Speaker: Anja Smit, Utrecht University

Ancient scholars would not recognize our modern libraries. There are new services (via the internet) that replace some of the services of library, and we need to continual re-evaluate what value we are adding.

For example, we are putting a lot of effort into locally managed discovery services, and yet a majority of sources referring users to content are Google and Google Scholar. For some disciplines, the library plays a very small role in discovery of content, so the Dutch have focused on providing access to content over discovery.

But, what if OA becomes the publication model of the future? What if Google does digitize all the books? What if users organize access themselves?

The Dutch consortia is flipping some pricing models. In two of the licenses they currently hold, they are paying for the cost of publication rather than the rights for access, and they are making the Dutch scholarly work OA globally. However, they have found perpetual access, or preservation, has not been an easy thing to negotiate or prioritize.

Librarians have been trying to find a solution for long-term preservation since the dawn of digital publication. There are some promising initiatives.

France has built a repository that includes access (not just a dark archive). How do we scale this kind of thing globally? Funding is local. We will never have a global system, so we need local systems based on a standard that will connect them.

Libraries do not own the digital content. We can collect it, but we tend to collect what our community needs rather than the output of our researchers.

Libraries can put things on the agenda of other stakeholders. OA and Open Science is on the agenda of politicians and governments because of libraries.

To-do:

Make perpetual access to knowledge the top priority on our agenda.
Get perpetual access to knowledge on the agenda of relevant stakeholders as quickly as possible. Collectively.
Find partners to develop longer term preservation infrastructure.

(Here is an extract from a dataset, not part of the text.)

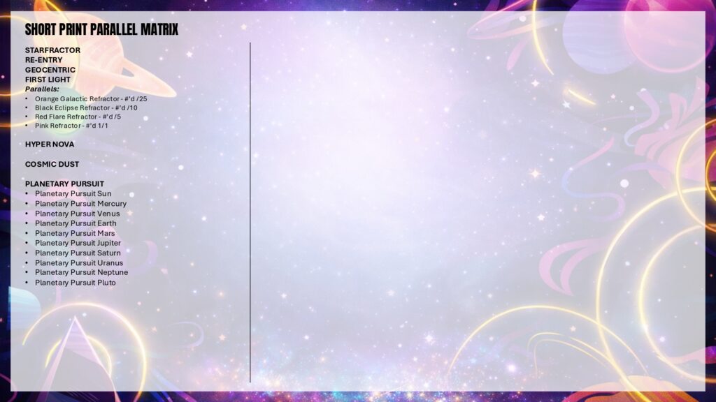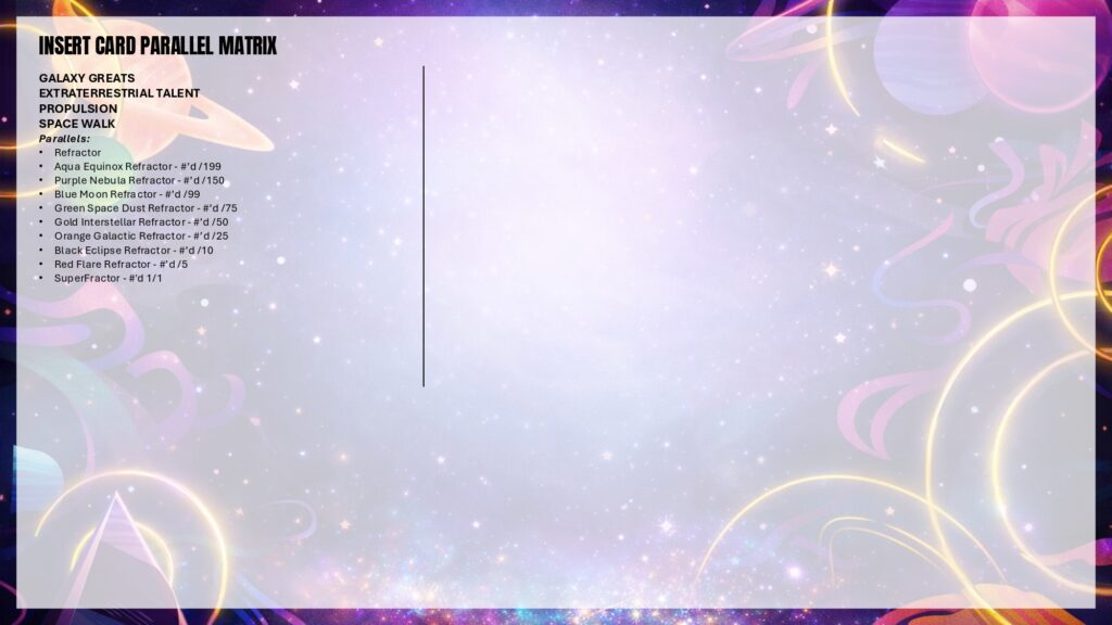 上記のリフラクターパラレル⇒通常、アクアイクイノックス/199、パープルネビュラ/150、ブルームーン/99、グリーンスペースダスト/75、ゴールドインターステラー/50、オレンジギャラクティック/25、ブラックエクリプス/10、レッドフレア/5、スーパーフラクター/1

We can leave the rest to Google.

Q&A

Q: Dutch presidency of EU and Dutch proposals for OA – what do you think of the Dutch policies in this area?
A: We are all trying to find solutions to further and advance access to knowledge. That is our common goal. This is such a complicated issue — all the stakeholders have to work together to do this.

Q: Libraries have not done as well a job of preserving media. Not as concerned about the availability of scholarly journals and books in the future — what happens to the emails and other media forms that are getting lost?
A: Documented knowledge is at the core of libraries. The other areas have much bigger problems. That is such a huge area that she would not presume to have ideas or suggestions for solutions.

Q: Libraries are being pressured to collect and manage raw faculty research, without additional support, so it’s taking away from collecting in traditional areas.
A: Some say that this will become the new knowledge — data will trump publication. Libraries are best positioned to help researchers manage their data in a consultancy role, and let IT handle the storage of the data. We could spend a little less on collection development to do this.

Q: What will happen when Google is no longer freely accessible and there’s a cost?
A: It doesn’t help if we keep pointing people to local collections. Our users use Google, so we need to help them find what they are not able to find there themselves.

Have you seen the tool that Ithaka developed to determine what print scholarly journals you could withdraw (discard/store) that are already in your digital collections? It’s pretty nifty for a spreadsheet. About 10-15 minutes of playing with it and a list of our print holdings resulted in giving me a list of around 200 or so actionable titles in our collection, which I passed on to our subject liaison librarians.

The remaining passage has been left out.